Skip to: [content] [navigation]
If you are using Navigator 4.x or Internet Explorer 4.x or Omni Web 4.x , this site will not render correctly!

gfdl's home page > people > John Dunne >

Troubleshooting Guide

Description

This document describes problems I have encountered while executing MOM4 runscripts. Two general means of troublshooting include:
    Run Interactively - If you are running in batch-mode, the easiest way to start troubleshooting is by switching over to running interactively, which may require reducing the number of processors requested.
    Totalview - A more thorough technique of debugging is to run the model within the Totalview Debugger, which will allow you to explore the model code as it runs.
Below are some common problems and methods for solving them, listed in the order that they occur during execution...

Batch Job in Error State Failure during initialization

Failure during run



Batch Job in Error State

This is the scenario in which you have submitted a batch job, and it just sits in the qeue without apparently executing the job at all.

Checking the qeue for pending, running and error states
  • An object-oriented qeue manager exists to help you keep track of your batch (non-interactive) jobs:
    qmon Clicking on the upper, far left icon ("Job Control"; a ship's wheel) will allow you to see "Pending Jobs", "Running Jobs" and "Finished Jobs". You can also use qmon to cancel jobs and to check on the overall status of the computers.

  • A more direct method of viewing jobs is with:
    qstat -u [USERNAME] which lists your current jobs.

  • In order to recieve an automatic email message whenever a batch job crashes, create a file in your home directory called .sge_request with the sole contents of:

      -M [USERNAME]

    When the program crashes, an email message will be sent to you which includes the start and end time (so you can easily check if the run hit the max time), as well as some possibly helpful info.
Common reasons for an error state
  • When a runscript is submitted in batch mode, the number of processors requested of the qeue manager in the header (line three in my scripts): #$ -pe lsc.alloc 12

    must equal the number of processors assigned in the runscript:

    set npes=12

  • When a runscript is submitted in batch mode, a "stdout" filename pathway must be specified.

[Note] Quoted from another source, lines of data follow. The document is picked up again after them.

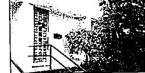
EXCITING open Contemporary Intown Birmingham condo with high ceilings, 3 bedrooms, 2 1/2 baths, loft, den, private courtyard, outstanding condo living! $269,000 (66BRO) 642-8100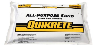
Bag of Sand- up to 80 lbs. Lift from 6" to 39"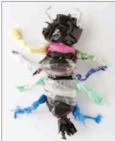
Saepes salirens (Hedgerow Hopper)

The Bloody Beach Bug is an insect at the cutting edge of the entomological world. A sharp, but nonetheless transparent type of character. He hides under the sand and if you are not careful he can destroy your sole.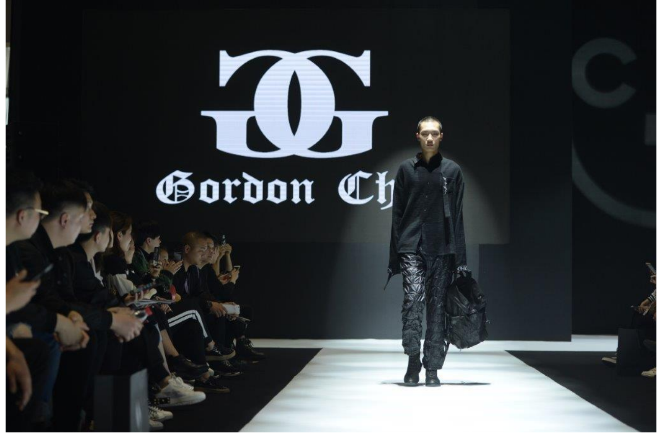
Seminars and shows

CHIC is visited by representatives of all distribution channels for distribution in the Chinese market, at the last event in autumn 2017 more than 65,722 visitors from all over China and other nations were registered at the CHIC, with a significant increase in multi brand stores.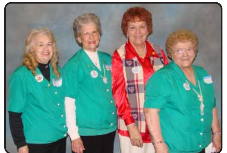
The Golden Girls and Harmony Express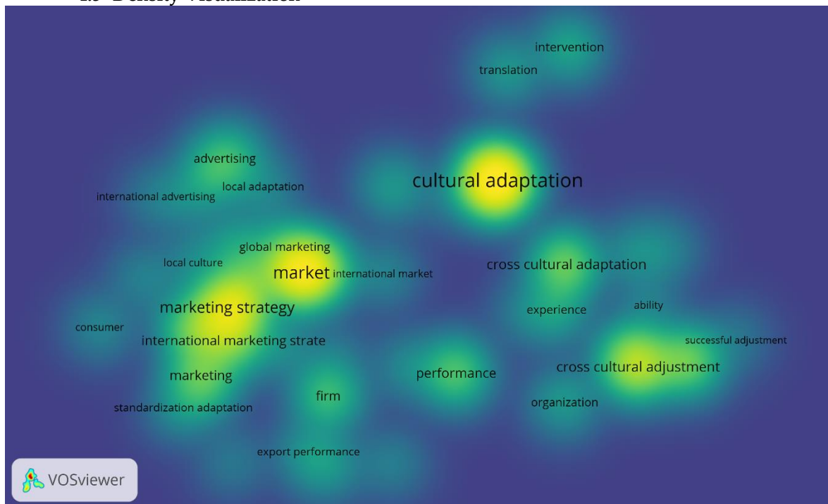
Figure 4. Density Visualization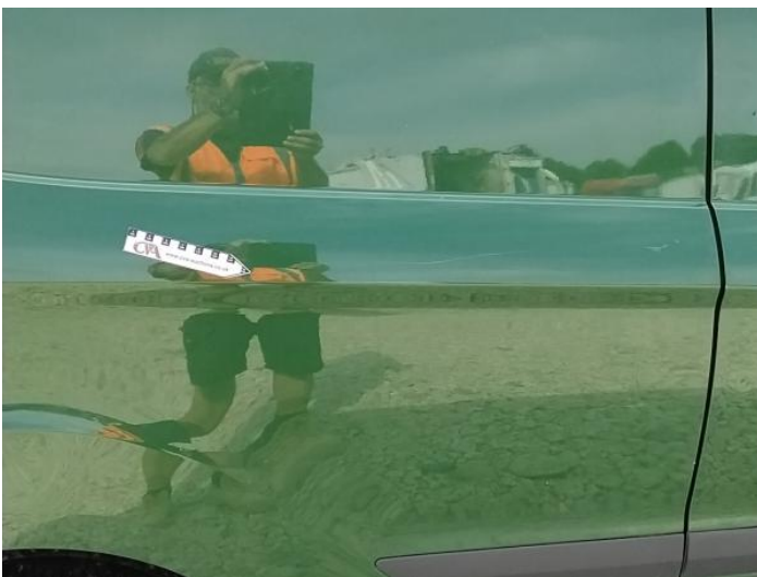
13: Qtr Panel osr Scratched Over 25mm Thru Paint

This is done in the header (line four in my scripts) as:

      #$ -o /archive/[USERNAME]/jakarta/om1_ocmip2_biotic/1x0m1d_12pe/ascii/stdout

    If this pathway does not exist, the runscript will crash without generating any output... make sure that the directory:

      #$ /archive/[USERNAME]/jakarta/om1_ocmip2_biotic/1x0m1d_12pe/ascii/

    exists.

Failure during initialization
    Initialization is the part where the runscript is creating folders and copying over the necessary files. Make sure that all of these files exist.

Failure during run
    A general approach to tracking down the source of errors during runtime is to search for them in the code itself. The will do this in a formal sense, but a quicker way is to change to the directory in which the makefile for the given code resides, and:
    make localize This will copy all of the code used to create the executable to the present working directory. Once all the code is there, a list of the files and lines of code containing the error message can be found with: grep [error message] *90 This is generally a good place to start.

Failure reading namelist

Usually, this error is due to a syntax error in the namelist. Use the above grep procedure to find where the namelist variables are defined, and make sure that the variables in the runscript you are using are consistent with this list.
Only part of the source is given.